[Start of Attachment]

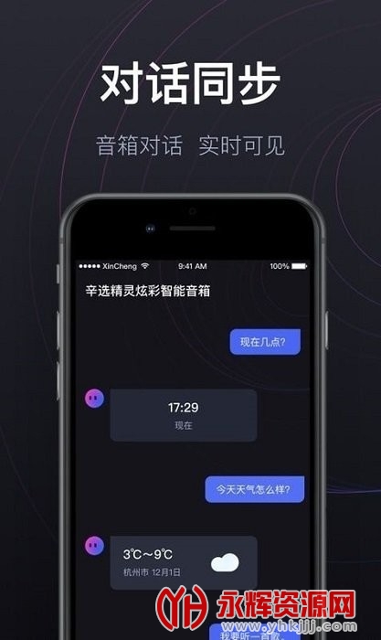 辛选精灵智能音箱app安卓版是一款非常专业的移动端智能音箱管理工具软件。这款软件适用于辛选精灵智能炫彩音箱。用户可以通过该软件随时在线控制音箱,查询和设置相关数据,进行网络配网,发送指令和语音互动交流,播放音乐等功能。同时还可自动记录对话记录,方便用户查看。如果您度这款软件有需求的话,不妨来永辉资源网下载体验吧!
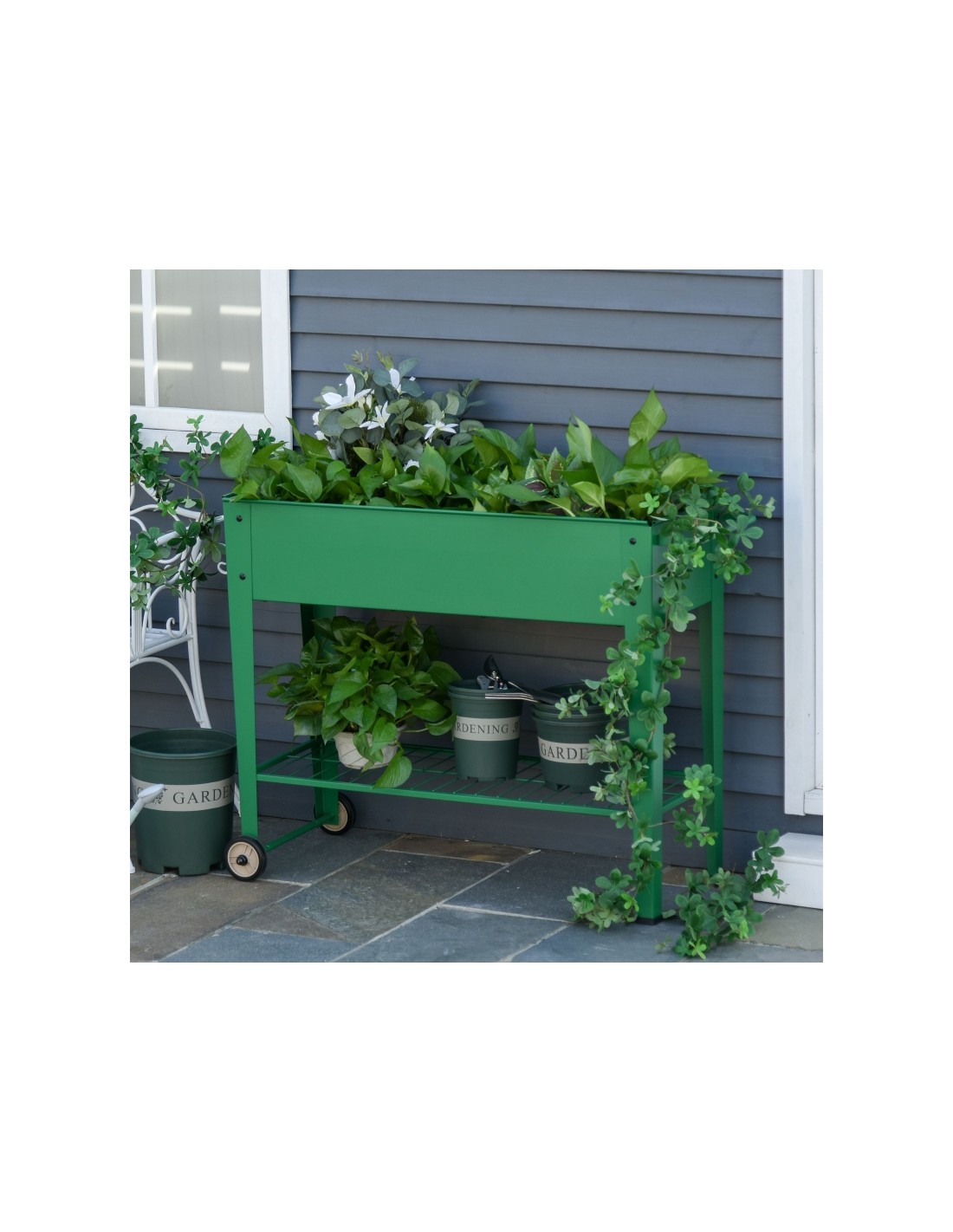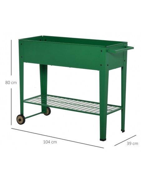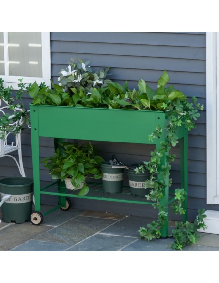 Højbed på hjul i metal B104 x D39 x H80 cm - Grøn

[End of Attachment]
[Start of Attachment]

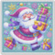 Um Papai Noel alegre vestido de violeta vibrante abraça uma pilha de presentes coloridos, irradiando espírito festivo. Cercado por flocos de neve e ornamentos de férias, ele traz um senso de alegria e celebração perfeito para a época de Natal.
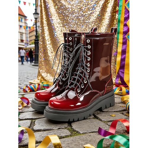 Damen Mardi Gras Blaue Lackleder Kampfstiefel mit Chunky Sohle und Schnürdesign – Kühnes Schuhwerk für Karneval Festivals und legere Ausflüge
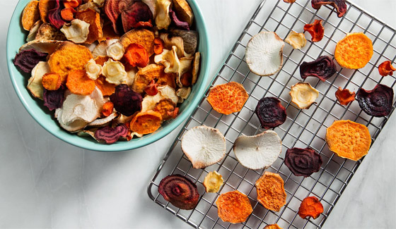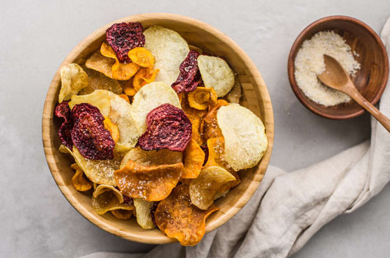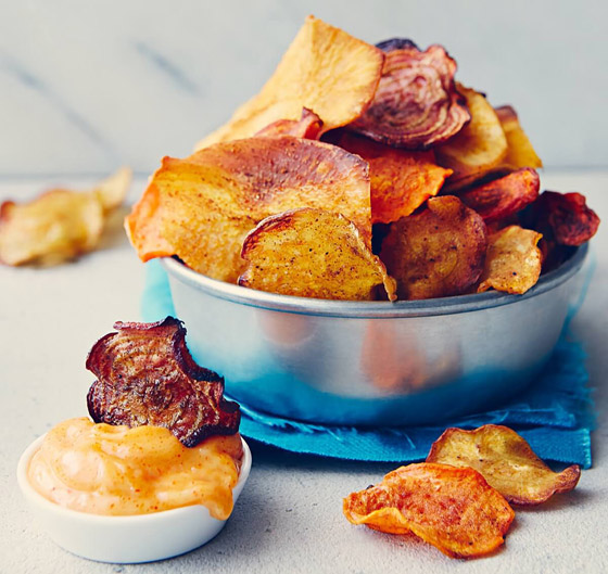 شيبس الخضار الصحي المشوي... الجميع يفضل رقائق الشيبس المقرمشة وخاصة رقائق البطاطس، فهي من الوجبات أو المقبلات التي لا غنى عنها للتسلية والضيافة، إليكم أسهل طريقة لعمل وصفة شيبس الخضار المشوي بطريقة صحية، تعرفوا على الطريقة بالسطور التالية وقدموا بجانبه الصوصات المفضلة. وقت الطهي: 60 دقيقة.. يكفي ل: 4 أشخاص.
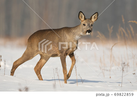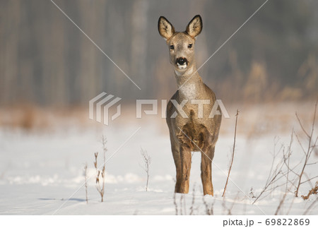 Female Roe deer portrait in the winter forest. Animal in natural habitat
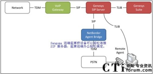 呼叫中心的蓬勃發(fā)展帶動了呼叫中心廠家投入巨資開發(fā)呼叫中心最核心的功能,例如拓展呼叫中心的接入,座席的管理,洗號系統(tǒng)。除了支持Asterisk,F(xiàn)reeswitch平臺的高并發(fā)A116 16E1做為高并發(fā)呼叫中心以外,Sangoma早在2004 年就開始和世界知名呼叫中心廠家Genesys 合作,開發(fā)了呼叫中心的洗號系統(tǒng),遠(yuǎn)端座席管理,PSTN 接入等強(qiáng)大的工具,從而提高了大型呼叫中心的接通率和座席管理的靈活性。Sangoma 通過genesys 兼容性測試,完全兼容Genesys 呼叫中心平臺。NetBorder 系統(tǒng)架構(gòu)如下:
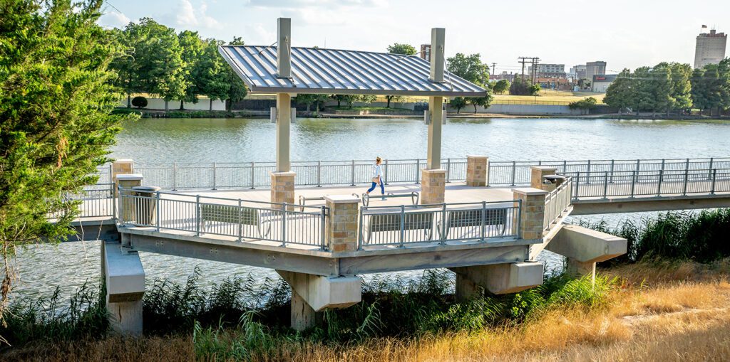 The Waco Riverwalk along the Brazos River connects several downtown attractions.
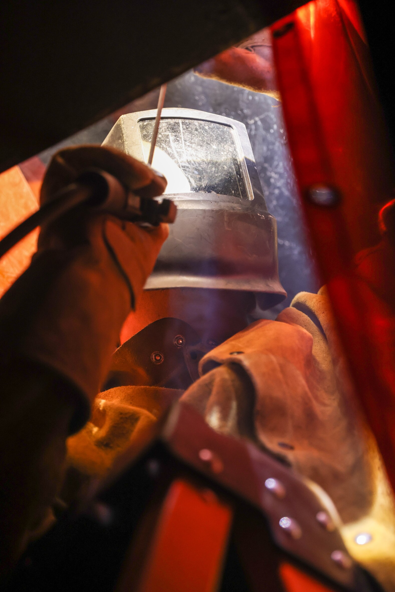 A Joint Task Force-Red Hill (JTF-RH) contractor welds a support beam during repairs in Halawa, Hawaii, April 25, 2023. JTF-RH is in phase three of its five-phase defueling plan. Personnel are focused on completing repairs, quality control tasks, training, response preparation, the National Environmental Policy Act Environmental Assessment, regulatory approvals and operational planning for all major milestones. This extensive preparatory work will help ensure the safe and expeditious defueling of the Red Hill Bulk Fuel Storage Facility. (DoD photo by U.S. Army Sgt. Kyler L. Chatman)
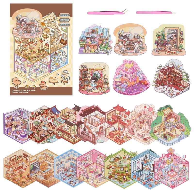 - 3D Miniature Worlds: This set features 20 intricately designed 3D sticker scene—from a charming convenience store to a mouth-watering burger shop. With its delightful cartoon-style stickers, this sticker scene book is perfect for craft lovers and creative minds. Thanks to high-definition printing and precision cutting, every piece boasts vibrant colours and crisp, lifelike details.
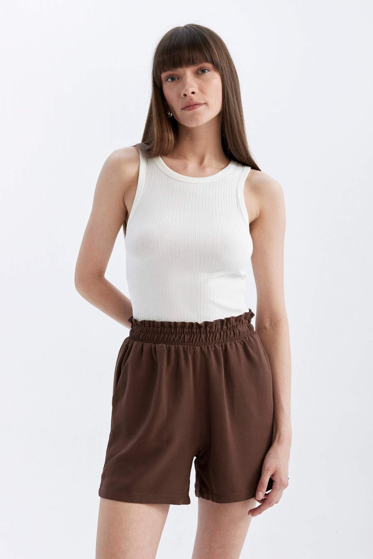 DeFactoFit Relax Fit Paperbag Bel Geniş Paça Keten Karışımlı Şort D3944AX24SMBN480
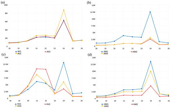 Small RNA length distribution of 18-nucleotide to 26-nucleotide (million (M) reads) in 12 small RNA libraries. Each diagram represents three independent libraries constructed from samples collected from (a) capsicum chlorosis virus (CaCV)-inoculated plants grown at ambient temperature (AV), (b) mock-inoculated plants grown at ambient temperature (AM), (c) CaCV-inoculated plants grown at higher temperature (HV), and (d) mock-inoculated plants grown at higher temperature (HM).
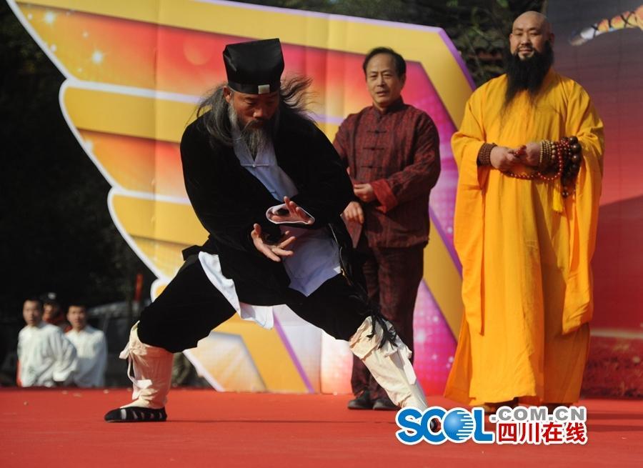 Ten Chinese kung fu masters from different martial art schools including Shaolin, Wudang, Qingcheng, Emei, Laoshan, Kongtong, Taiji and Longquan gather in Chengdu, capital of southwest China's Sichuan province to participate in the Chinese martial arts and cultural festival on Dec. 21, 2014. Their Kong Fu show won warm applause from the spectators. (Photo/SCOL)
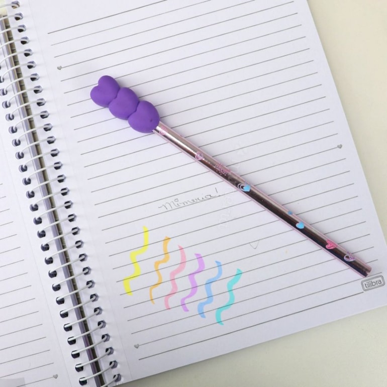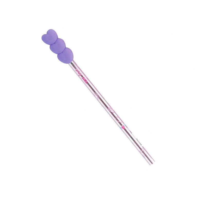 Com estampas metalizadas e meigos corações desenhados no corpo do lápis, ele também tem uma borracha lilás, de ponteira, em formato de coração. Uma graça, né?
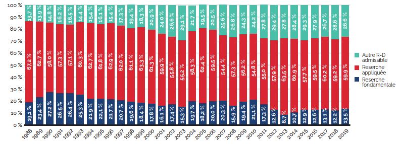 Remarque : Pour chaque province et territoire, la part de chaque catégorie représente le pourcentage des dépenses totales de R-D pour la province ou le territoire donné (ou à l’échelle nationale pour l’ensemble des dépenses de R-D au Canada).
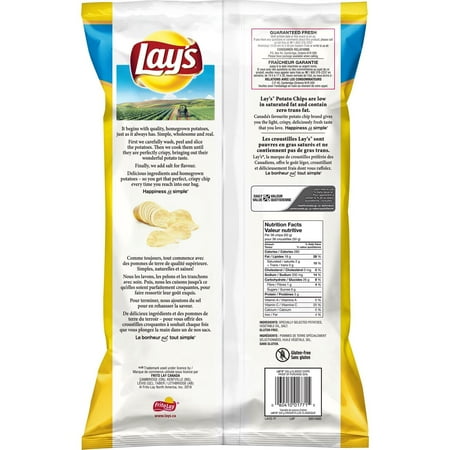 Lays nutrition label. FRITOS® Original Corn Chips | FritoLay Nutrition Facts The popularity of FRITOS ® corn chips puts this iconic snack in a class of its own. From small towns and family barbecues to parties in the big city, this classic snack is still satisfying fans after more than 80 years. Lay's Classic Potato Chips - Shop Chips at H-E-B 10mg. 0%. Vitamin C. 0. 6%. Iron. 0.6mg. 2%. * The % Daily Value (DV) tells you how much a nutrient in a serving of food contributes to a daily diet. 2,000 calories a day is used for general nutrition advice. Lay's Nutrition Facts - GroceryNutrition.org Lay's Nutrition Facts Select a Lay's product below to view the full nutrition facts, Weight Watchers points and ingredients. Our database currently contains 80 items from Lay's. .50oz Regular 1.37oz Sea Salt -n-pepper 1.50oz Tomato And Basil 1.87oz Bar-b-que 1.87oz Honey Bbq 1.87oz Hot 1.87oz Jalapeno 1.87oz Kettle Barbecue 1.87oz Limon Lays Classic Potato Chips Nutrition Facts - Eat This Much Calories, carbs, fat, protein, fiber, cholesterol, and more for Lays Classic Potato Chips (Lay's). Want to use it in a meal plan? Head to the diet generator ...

[End of Attachment]

### REQUIRED WORK
Copy exactly the part of the material above that opens with the line containing "辛选精灵智能音箱app安卓版" and closes with the line containing "Højbed på hjul", ends included. Drop the images.

### ANSWER TO THIS PROBLEM
 辛选精灵智能音箱app安卓版是一款非常专业的移动端智能音箱管理工具软件。这款软件适用于辛选精灵智能炫彩音箱。用户可以通过该软件随时在线控制音箱,查询和设置相关数据,进行网络配网,发送指令和语音互动交流,播放音乐等功能。同时还可自动记录对话记录,方便用户查看。如果您度这款软件有需求的话,不妨来永辉资源网下载体验吧!
 Højbed på hjul i metal B104 x D39 x H80 cm - Grøn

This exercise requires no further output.